Ad un certo punto dell suo discorso l'oratore pronunciò una parola che non avevo mai sentito, mi girai verso Valerio (lui madrelingua spagnolo) con un espressione che definirei cubista in volto. Valerio ricambiò lo sguardo. Per fortuna nel frattempo non avevo smesso di ascoltare, e una volta sentito il seguito rintracciai anche quella parola nel mio mese di studio pregresso.
Alla fine dei miei venti minuti mi sentivo un genio, una supereroina; riuscire a superare quella prova fu la mia piccola vittoria personale, forse neanche poi così piccola!
Il mio secondo anno di lavoro vide sparire le navi con passeggeri di lingua tedesca, e fu così che... finii per provare una sottile antipatia per il Popolo Spagnolo (non me ne vogliano gli spagnoli, i turisti sono da considerarsi una razza a parte!).
Nel mese di agosto, in vista anche della laurea, quasi imminente, decisi per ragioni "linguistiche" di cambiare datore di lavoro. Lasciai la mia agenzia in favore di altre, più di una, presso le quali avrei potuto praticare tutte e quattro le mie lingue straniere (scegliendo di praticare il meno possibile lo spagnolo e gli spagnoli!). Il mio livello di tedesco cominciò a salire di giorno in giorno, lavoravo spesso, e quasi sempre in tedesco, o tedesco più un'altra lingua. Chiacchieravo con i turisti, usavo nuove parole nel mio "discorsetto", le strutture tedesche erano ormai parte di me, e la soddisfazione era tantissima!

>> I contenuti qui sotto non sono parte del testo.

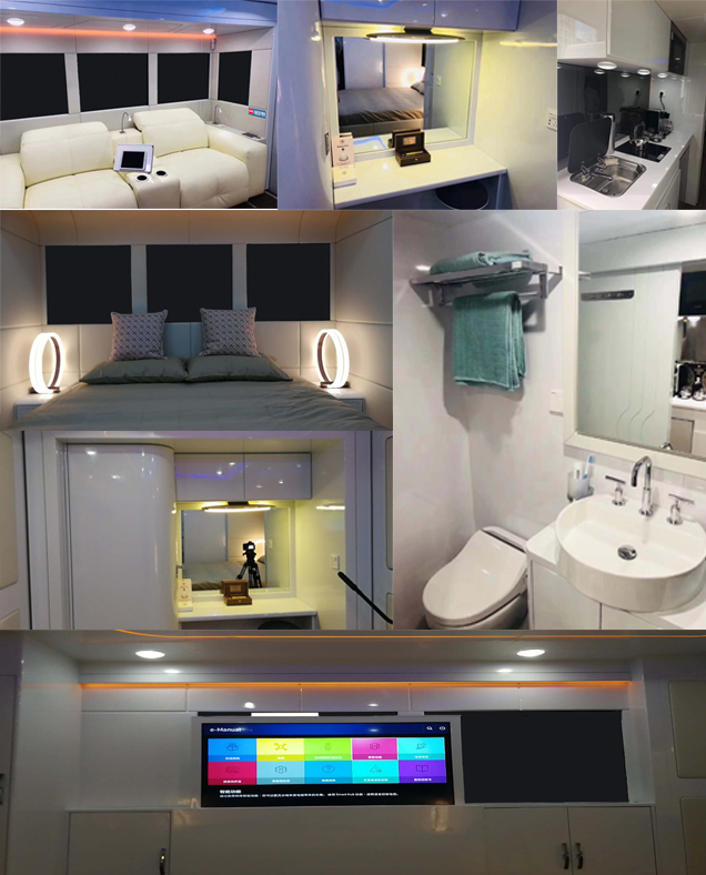 载通牌奔驰A型旅居车在外观时尚霸气造型圆润流畅,可有效降低风阻系数,整车外形尺寸为11980×2550×3910(mm),房厢采用玻璃钢复合车身结构及阻燃保温材料,做工精细;房厢内部配置齐全,床,洗手间,厨房,冰箱,,储物仓,暖气设备,灭火器等等。
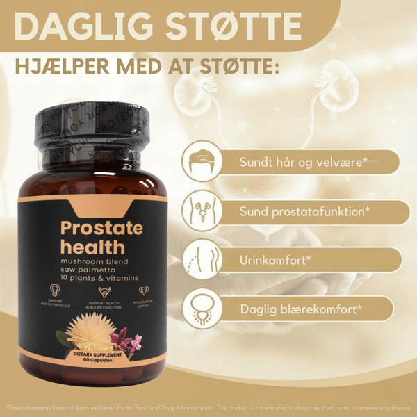 Den indeholder en kraftfuld blanding af Saw Palmetto-frugtekstrakt og et specialiseret svampekompleks, der er kendt for at støtte prostatavæv.
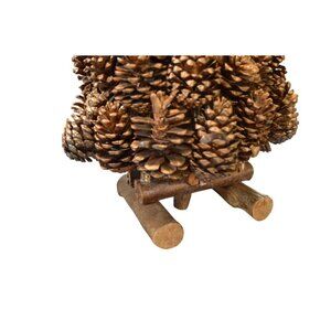 Enhance your holiday decor with this rustic handmade golden pinecone Christmas tree. Standing 24 inches tall, it features a wooden log base and metallic accents, perfect for any festive table setting.
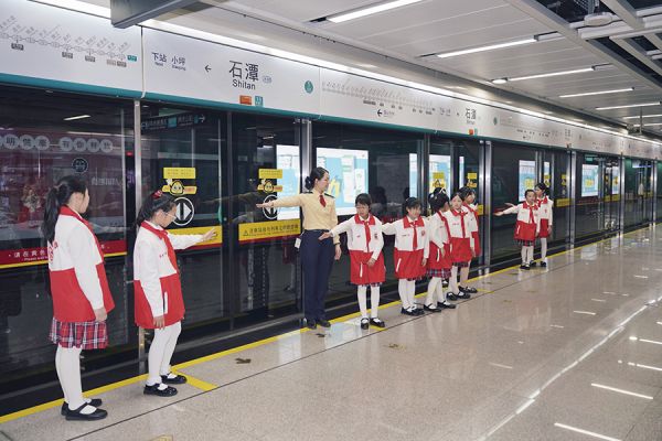 广州青年报讯(记者 孙雪晴 见习记者 陈天旭 通讯员 陈芳芳 梁锦辉 范小文)3月10日,少先队白云区工作委员会、广州地铁双方携手在广州白云站综合交通枢纽开展“红领巾爱奉献·志愿服务暖白云”雷锋月志愿服务主题实践活动,引导少先队员积极参与志愿服务,传承雷锋精神。本次活动先后在广州白云站和地铁石潭站开展,广州地铁为50余名师生带来一场精彩纷呈的地铁科普课、文明实践课和志愿服务体验课。

Alla fine di questa seconda stagione crocieristica fui contatta da un amico di famiglia che cercava un traduttore italiano-tedesco per la sua azienda di allestimenti. Accettai ben volentieri e qualche giorno dopo la telefonata cominciai a lavorare per lui.
È esattamente a quel periodo che risalgono i primi episodi di "autostima da comprensione del/produzione in tedesco". Mi addentrai in un mondo che mi era nuovo anche "in italiano". Non era facile... tradurre "alluminio mandorlato" senza avere la benché minima idea di cosa fosse la cosa in sé e per sé, eppure è anche all'alluminio mandorlato che devo molto del mio entusiasmo!
La mia collaborazione con l'Azienda si svolse per due mesi, culminando con un viaggio ad Essen e una permanenza di 12 giorni durante la quale imparai davvero molto, soprattutto su come "funzionano" i tedeschi.
Conclusa questa esperienza, ad ogni modo, continuai a collaborare con l'Azienda per delle traduzioni, mentre iniziava una nuova stagione crocieristica, questa volta con le stesse lingue con cui avevo terminato la precedente, con nuove conoscenze ed amicizie, e ancora tanta soddisfazione personale.
Attualmente mi trovo a Berlino, dove mi sono trasferita ad inizio novembre, e sono in cerca di un qualsiasi lavoro che mi permetta di tenere vive le lingue che parlo.